I'm working on the following problem:
Consider the $f:\mathbb{R}^2 \mapsto \mathbb{R}$ defined by $$f(x,y) = \frac{xy(x^2-y^2)}{x^2+y^2}$$ for everywhere outside the origin and $f(0,0)=0$ at the origin is. Show that the second derivative of $f$ exists but the mixed partials are not equal at the origin.
My work:
I'm getting for $\nabla f = <\frac{yx^4+4x^2y^3-y^5}{(x^2+y^2)^2},\frac{x^5-4x^3y^2-xy^4}{(x^2+y^2)^2}>$. My analysis show that the partials are continuous at zero and take the value $0$ at the origin. I'm having trouble analyzing the second derivative:
$$ A = \begin{bmatrix}f_{xx}&f_{xy}\\f_{yx}&f_{yy}\end{bmatrix} = \begin{bmatrix}\frac{-4xy^3(x^2-3y^2)}{(x^2+y^2)^3}&\frac{x^6+9x^4y^2-9x^2y^4-y^6}{(x^2+y^2)^3}\\\frac{x^6+9x^4y^2-9x^2y^4-y^6}{(x^2+y^2)^3}&\frac{4yx^3(y^2-3x^2)}{(x^2+y^2)^3}\end{bmatrix} $$
$$\lim_{\|h\|\rightarrow 0} \frac{\nabla f((0,0)+h)-\nabla f((0,0))- A \cdot h\|}{\|h\|} \\ = \lim_{\|h\|\rightarrow 0} \frac{\|\nabla f(h)-\langle f_{xx}h_x+f_{xy}h_y,f_{yx}h_x+f_{yy}h_y\rangle\|}{\|h\|} \\= \lim_{\|h\|\rightarrow 0} \frac{\|\nabla f(h)-\langle\frac{-4xy^3(x^2-3y^2)}{(x^2+y^2)^3}h_x+\frac{x^6+9x^4y^2-9x^2y^4-y^6}{(x^2+y^2)^3}h_y,\frac{x^6+9x^4y^2-9x^2y^4-y^6}{(x^2+y^2)^3}h_x+\frac{4yx^3(y^2-3x^2)}{(x^2+y^2)^3}h_y\rangle\|}{\|h\|}$$
When I do a polar conversion on this thing and send $r \rightarrow 0$ (uniform for all $\theta$), I get all my $r$'s canceling out -- leaving a limit dependent on theta. But according to the problem, this ratio should go to zero though. Does anyone know what's going on?
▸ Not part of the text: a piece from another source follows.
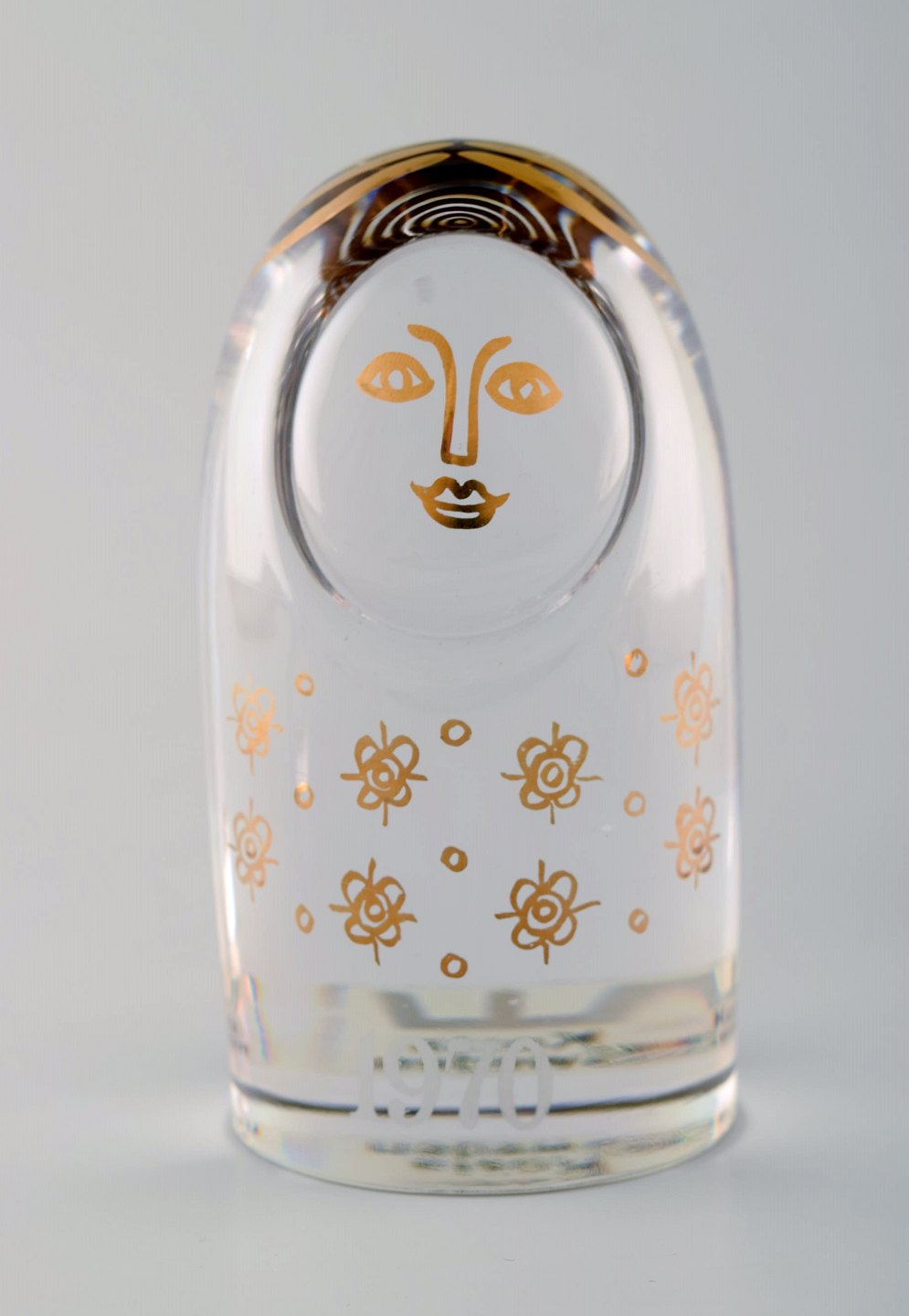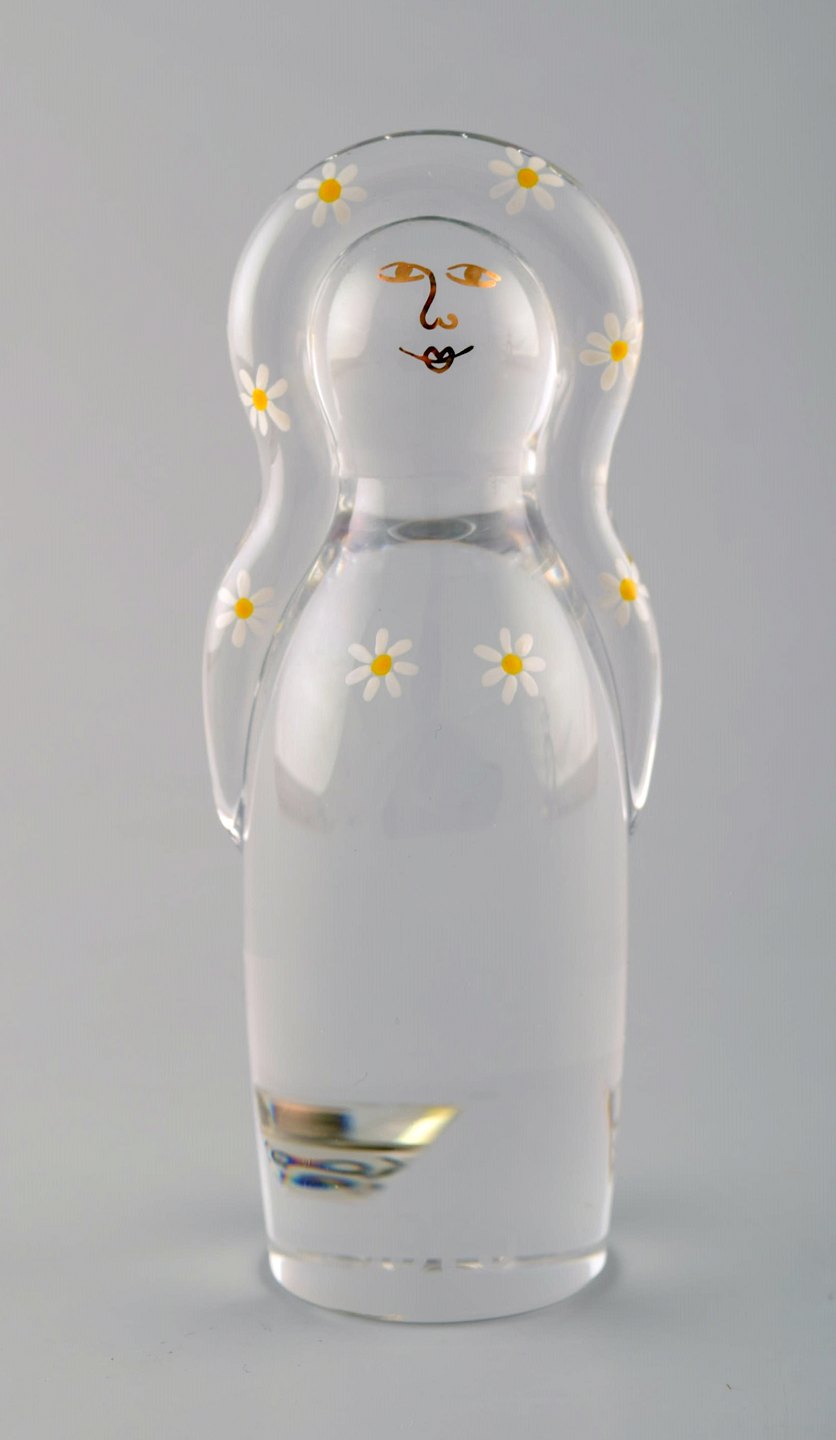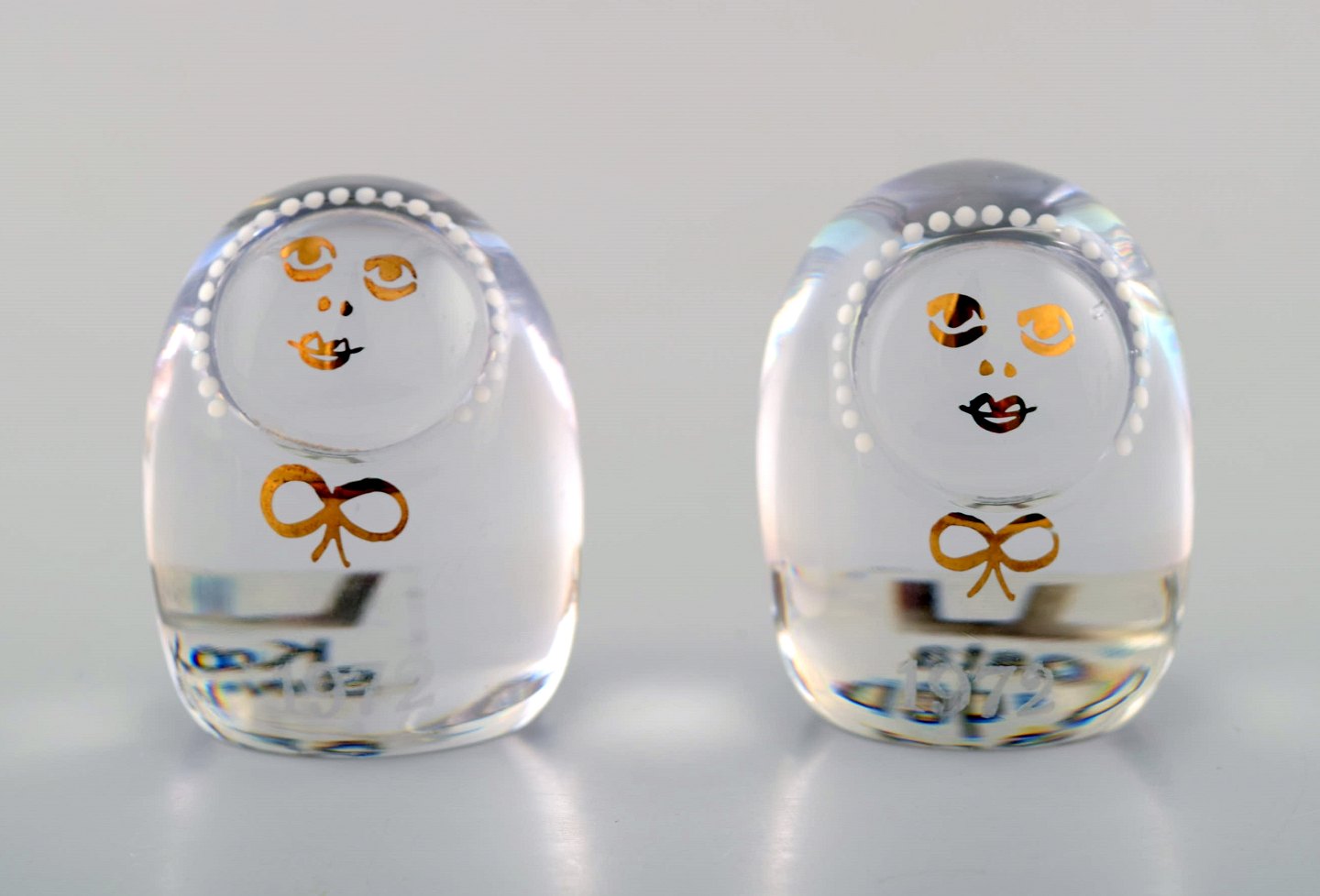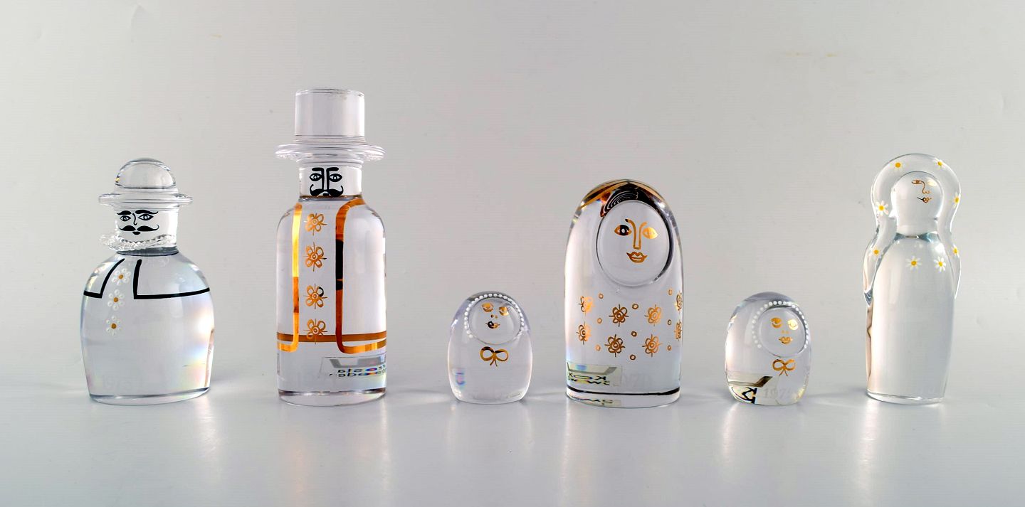 Samling af kunstglas figurer 'familien', Kosta Boda. Graveret og håndmalet dekoration. Mærket med årstal. Højde 5,5 -16 cm. År 1970-1981. I perfekt stand.

I've seen other problems like this that show partials are not continuous at the the origin. That's different though from just establishing existance of the total derivative, right?
To show that the second derivative exists, all you have to show is that the second partials exist at $(0,0)$. For example $$ f_{xy}(0,0)=\lim_{y\to0}{\frac{f_x(0,y)-f_x(0,0)}{y}}=\lim_{y\to0}{\frac{-y^5}{y^5}}=-1 $$ I also got $$f_{yx}(0,0)=+1,\text{ and }f_{xx}(0,0)=f_{yy}(0,0)=0$$ but I'm getting sleepy, so no guarantees.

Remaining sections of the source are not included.